### Your objective
What is needed is an exact copy of the listing, with no pictures in it.

*** Supplied material Section Begins ***

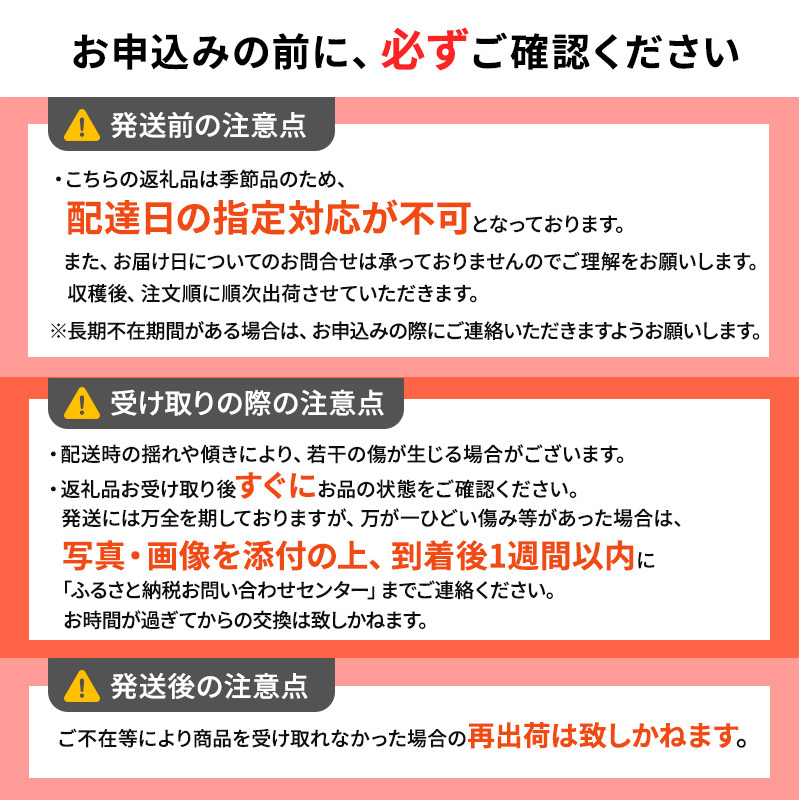 ※季節品のため配送日時指定やお届け日についてのお問合せは承っておりません。収穫後、注文順に順次出荷いたします。
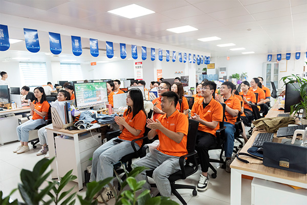 臺上競賽精彩,臺下啦啦隊也自成一道“風(fēng)景線”,各公司方陣都鉚足了勁為自家選手打Call,現(xiàn)場歡呼聲、吶喊聲此起彼伏,加油聲、喝彩聲一浪高過一浪。
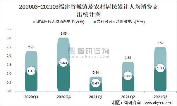 2021年第三季度福建省城鎮(zhèn)、農(nóng)村居民累計(jì)人均可支配收入同比增長10.43%,累計(jì)人均消費(fèi)支出同比增長12.03%
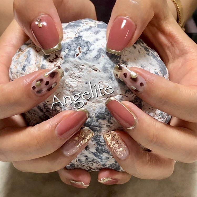 秋 ハンド ワンカラー アニマル柄 シースルー Angeliteのネイルデザイン No ネイルブック

*** Supplied material Section Ends ***

### Response to this task
 ※季節品のため配送日時指定やお届け日についてのお問合せは承っておりません。収穫後、注文順に順次出荷いたします。
 臺上競賽精彩,臺下啦啦隊也自成一道“風(fēng)景線”,各公司方陣都鉚足了勁為自家選手打Call,現(xiàn)場歡呼聲、吶喊聲此起彼伏,加油聲、喝彩聲一浪高過一浪。
 2021年第三季度福建省城鎮(zhèn)、農(nóng)村居民累計(jì)人均可支配收入同比增長10.43%,累計(jì)人均消費(fèi)支出同比增長12.03%
 秋 ハンド ワンカラー アニマル柄 シースルー Angeliteのネイルデザイン No ネイルブック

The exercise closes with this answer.